He spread his hands in a placatory gesture as he straightened. 'That's what Darren said. But it's cool if you don't have a boy-friend.'
The look he gave her, cheeky admiration mingled with respect, should have been an arrestable offence in itself. She knew she shouldn't bandy words with him but get straight to the point. But she also knew he knew some things she didn't.
'Want a cigarette?' he said, taking a packet out of his jeans pocket.
'I don't smoke, thanks. Want some gum?'
'I don't - chew, I mean.' He lit up a cigarette. 'What's this for?' she said, walking towards one of the concrete bays, which, she now saw, had been covered in a makeshift way with a few planks of wood which might keep out some of the worst excesses of the elements but which wouldn't be the ideal place to spend the night, especially in March. She could see why Victoria had been concerned about Darren being left there until morning.
She unwrapped a piece of gum and put it in her mouth.
He followed her towards the hideout. 'We keep stuff in there.' He smiled. 'Just for kids, what do you think?'
'It could be time to move on,' she said. 'Especially now.'
'With what happened to Alan. I guess so.'
'Do you think Darren's a killer?'
He thought about that. 'I didn't think he was. But how can you tell?'
Amaryllis smiled. 'You can't. Until it's too late... So - were you around that night?'
He shrugged his shoulders. 'Helping in the restaurant.'
'I wondered if you might know something.'
He stared at her, widening his eyes to look innocent - or maybe he was innocent. He just had that look of a fallen cherub, the look that meant he could get away with anything as far as women were concerned, and he knew that. She wondered if his mother was under his spell. From what she knew of Giulia Petrelli, that seemed unlikely. But the grandmother might be different.
Amaryllis knew her next port of call had to be the Cosy Clicks meeting.

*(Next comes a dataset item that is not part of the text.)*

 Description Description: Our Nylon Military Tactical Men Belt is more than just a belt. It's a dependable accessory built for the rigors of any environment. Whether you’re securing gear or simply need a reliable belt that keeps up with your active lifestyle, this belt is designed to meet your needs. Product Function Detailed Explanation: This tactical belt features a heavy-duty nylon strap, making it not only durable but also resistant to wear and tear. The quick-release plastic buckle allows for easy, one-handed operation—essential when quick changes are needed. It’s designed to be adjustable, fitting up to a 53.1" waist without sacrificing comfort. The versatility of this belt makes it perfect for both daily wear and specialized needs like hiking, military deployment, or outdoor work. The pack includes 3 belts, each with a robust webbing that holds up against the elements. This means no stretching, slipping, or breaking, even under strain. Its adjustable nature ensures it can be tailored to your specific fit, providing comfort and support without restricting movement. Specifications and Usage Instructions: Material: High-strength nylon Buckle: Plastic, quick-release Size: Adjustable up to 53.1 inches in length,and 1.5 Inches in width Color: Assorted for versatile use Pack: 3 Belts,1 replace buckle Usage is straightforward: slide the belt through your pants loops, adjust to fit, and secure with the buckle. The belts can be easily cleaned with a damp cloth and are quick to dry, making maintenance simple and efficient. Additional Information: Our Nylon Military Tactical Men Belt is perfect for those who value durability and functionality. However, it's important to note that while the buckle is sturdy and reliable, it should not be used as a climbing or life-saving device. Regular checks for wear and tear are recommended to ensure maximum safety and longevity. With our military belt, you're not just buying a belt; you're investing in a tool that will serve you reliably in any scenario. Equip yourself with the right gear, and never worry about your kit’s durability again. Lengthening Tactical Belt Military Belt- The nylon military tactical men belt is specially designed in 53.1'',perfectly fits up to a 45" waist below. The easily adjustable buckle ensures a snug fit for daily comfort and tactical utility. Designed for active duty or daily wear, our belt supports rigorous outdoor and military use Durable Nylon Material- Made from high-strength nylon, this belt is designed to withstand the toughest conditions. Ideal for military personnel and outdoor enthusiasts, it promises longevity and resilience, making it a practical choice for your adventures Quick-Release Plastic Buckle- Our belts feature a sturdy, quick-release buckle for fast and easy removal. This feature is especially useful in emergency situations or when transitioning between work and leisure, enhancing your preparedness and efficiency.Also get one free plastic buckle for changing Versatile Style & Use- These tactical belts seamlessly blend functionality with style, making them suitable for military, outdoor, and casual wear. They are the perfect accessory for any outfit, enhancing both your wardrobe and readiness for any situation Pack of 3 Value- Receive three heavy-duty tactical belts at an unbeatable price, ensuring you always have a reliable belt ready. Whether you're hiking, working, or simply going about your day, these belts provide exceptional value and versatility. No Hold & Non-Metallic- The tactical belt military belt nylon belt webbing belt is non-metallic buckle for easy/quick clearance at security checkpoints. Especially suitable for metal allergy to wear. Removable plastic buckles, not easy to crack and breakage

She wasn't going to get any further with Giancarlo for the moment. She started to walk away, trying to ignore the shooting pain in her elbow and the dull ache in her back, and willing herself not to display any weakness. Whether Giancarlo was innocent in this particular case or not, she had no doubt that he was a dangerous young man.

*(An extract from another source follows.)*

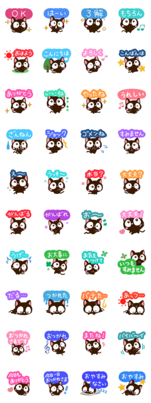 『小さい黒猫スタンプ』のカラフルなスタンプです。夏色で明るく目立つ、クロネコスタンプです。くろねこ好きな方に、絵文字と合わせてぜひ。【かたこ】

He caught up with her halfway across the railway yard. 'Can I carry your shopping?'
She laughed. 'No, thanks. I'm sure you've got better things to do.'
He turned away and she walked on, not really wanting to turn her back on him but already looking forward to her reconnaissance of the building site. She wondered if there would be police tape.
There was.
Amaryllis stood half-hidden by the wall of a neighbouring house, this one almost finished, and watched for a while. She couldn't see any police presence, but there might still be a forensic team at work inside. She wondered if she should push her luck again and at last, reluctantly, decided against it. She, Jock and Christopher had been lucky to get away with harbouring the two fugitives. She didn't relish the thought of being in a police cell when she could be out investigating. And Christopher would be so embarrassed if he had to visit her in prison. She smiled to herself. That alone was almost enough to push her into action, but then she realised that he might feel bound to go to the police station himself and confess everything as he saw it. Amaryllis herself didn't buy the 'perverting the course of justice' thing. After all, she considered they were actually facilitating the course of justice by preventing the police from making silly mistakes and letting the real culprit get away, perhaps to kill again.

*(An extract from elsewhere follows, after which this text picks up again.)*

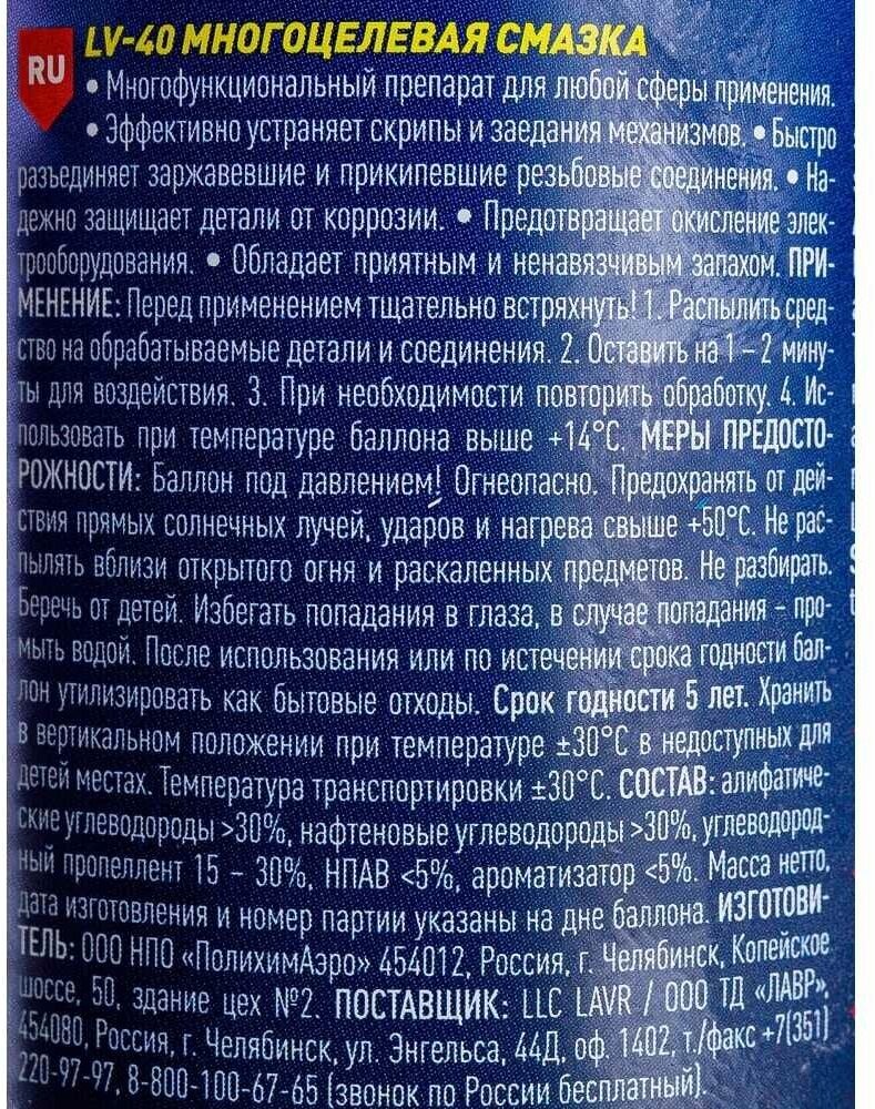 LAVR Смазка многоцелевая LV-40, 210 мл информация:

Her conscience satisfied and her mind made up, she left the building site as unobtrusively as she had arrived, and went round by the supermarket instead on her way to the knitting group.
She was the first one to arrive at Cosy Clicks. It was held in the claustrophobic surroundings of the Pitkirtly Yarn Store, which had until the year before been a traditional wool-shop selling grey 4-ply for socks and cream Aran and grey marl chunky for men's rugged winter jumpers. Now its shelves were filled with expensive cashmere blends in colours with names that sounded like nail varnish or fruit, such as 'Pearl Pink' and 'Pomegranate'. Old Mrs Petrelli, grandmother of Giancarlo and Victoria, was possibly the only group member still to be knitting men's socks in shades of grey, although she alternated these with something red and sparkly that made her smile to herself as she knitted. Amaryllis herself, not an expert knitter by any means, had embarked on a striped scarf. Originally it had been meant for Christopher's birthday, but that date had come and gone, and it was still only a foot long and a hole had appeared inexplicably in between two of the stripes. Every so often Giulia Petrelli would unravel part of it for her, tutting away, and Amaryllis would meekly knit it up again until she got to the next hole. Amaryllis had really only joined the group to infiltrate what she thought of as the knitting Mafia of the town. She knew she didn't really understand them, and would never be one of them in any other way, so Cosy Clicks was her only way of finding common ground. It was just one of the ways in which she felt she would never really retire from her old life in the security services.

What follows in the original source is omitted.